**What the task requires**
I'd like the data beneath this line reproduced exactly, without any of its images.

**Dataset content**

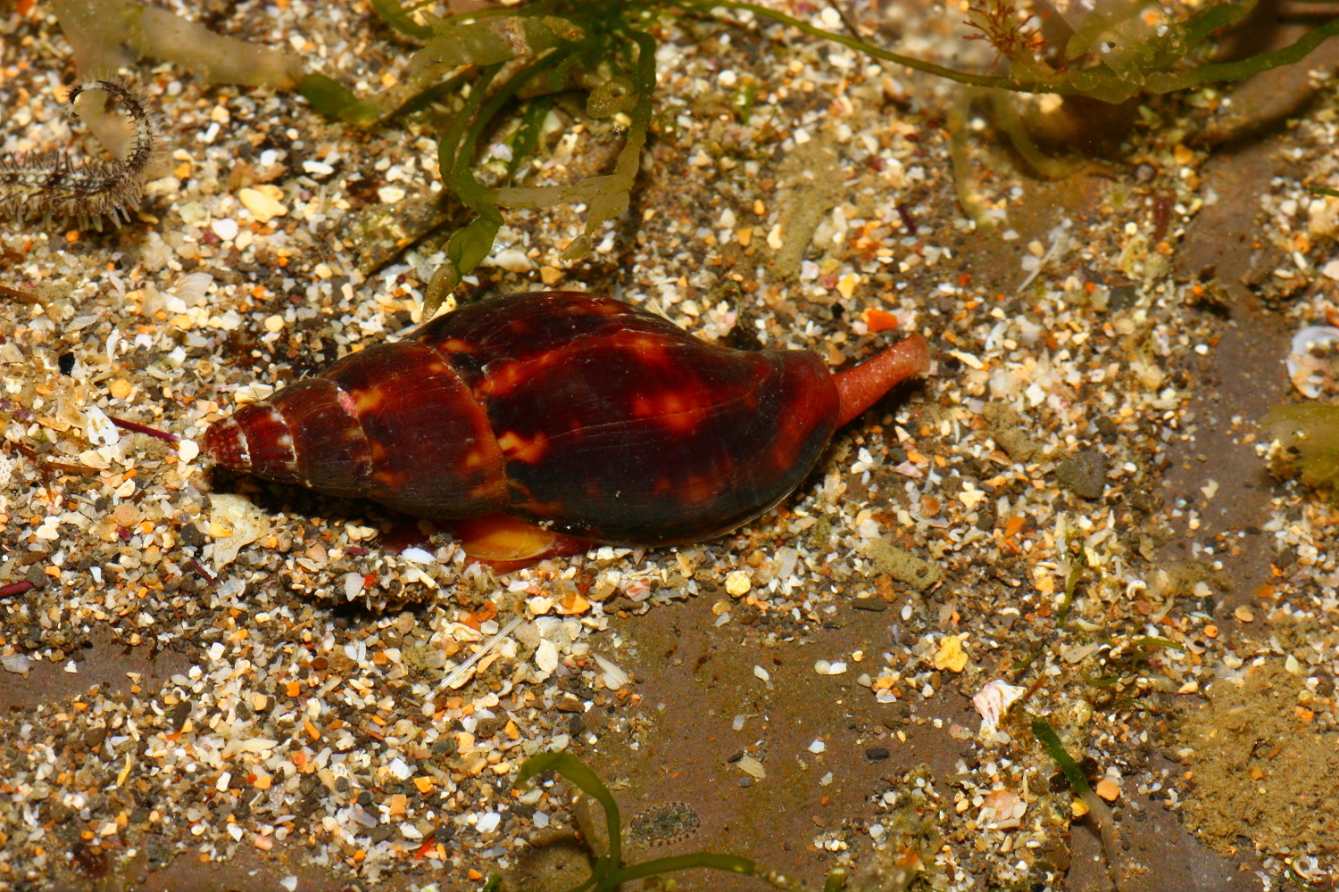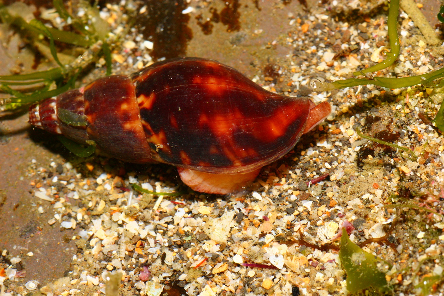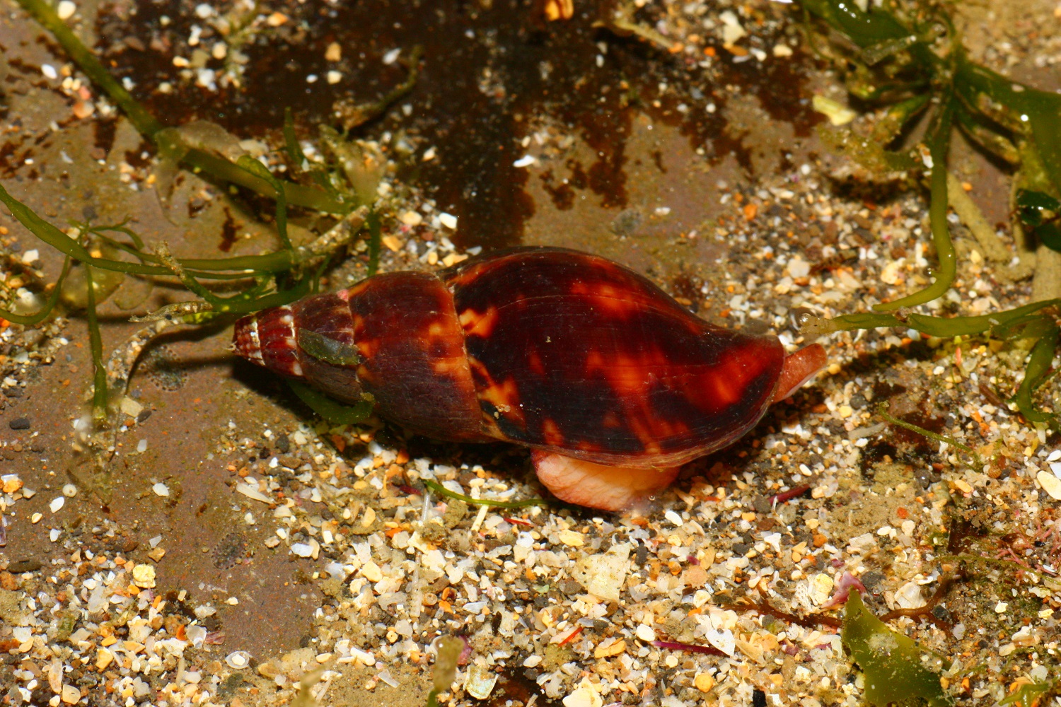 火焰峨螺在東北角的潮間帶頗為常見, 九孔池數量也很多
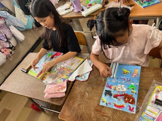 図工では、くぎうちゲームの作品を作っています。絵の具で好きな絵を描いた板に、ビー玉を通る道を考えながらくぎを打っています。
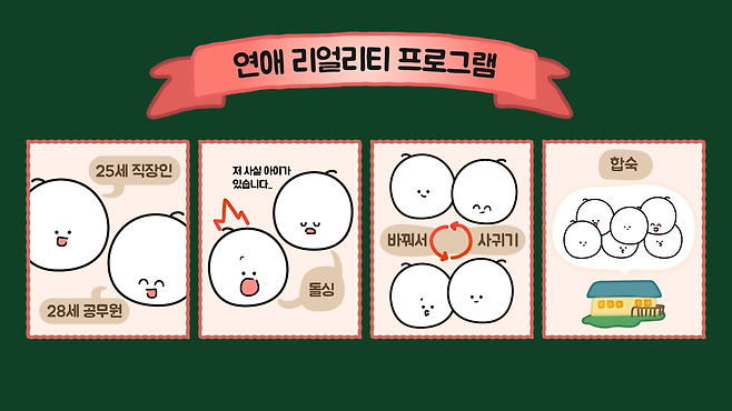 그런데 연애 프로그램도 포맷이 정말 다양합니다. 일반인이나 돌싱들이 나와서 짝을 찾기도 하고, 이별을 고민 중인 커플들이 나와서 짝을 바꿔 데이트해보거나 이별한 커플들이 한 집에 모여 지내는 등 각양각색입니다.
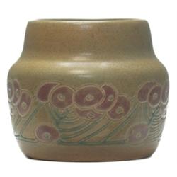 Overbeck vase, stlyzed floral design incised and painted with a tan and mauve glaze, 2.5”h, impressed mark, artist initials, nicely done

**Solution below**
 火焰峨螺在東北角的潮間帶頗為常見, 九孔池數量也很多
 図工では、くぎうちゲームの作品を作っています。絵の具で好きな絵を描いた板に、ビー玉を通る道を考えながらくぎを打っています。
 그런데 연애 프로그램도 포맷이 정말 다양합니다. 일반인이나 돌싱들이 나와서 짝을 찾기도 하고, 이별을 고민 중인 커플들이 나와서 짝을 바꿔 데이트해보거나 이별한 커플들이 한 집에 모여 지내는 등 각양각색입니다.
 Overbeck vase, stlyzed floral design incised and painted with a tan and mauve glaze, 2.5”h, impressed mark, artist initials, nicely done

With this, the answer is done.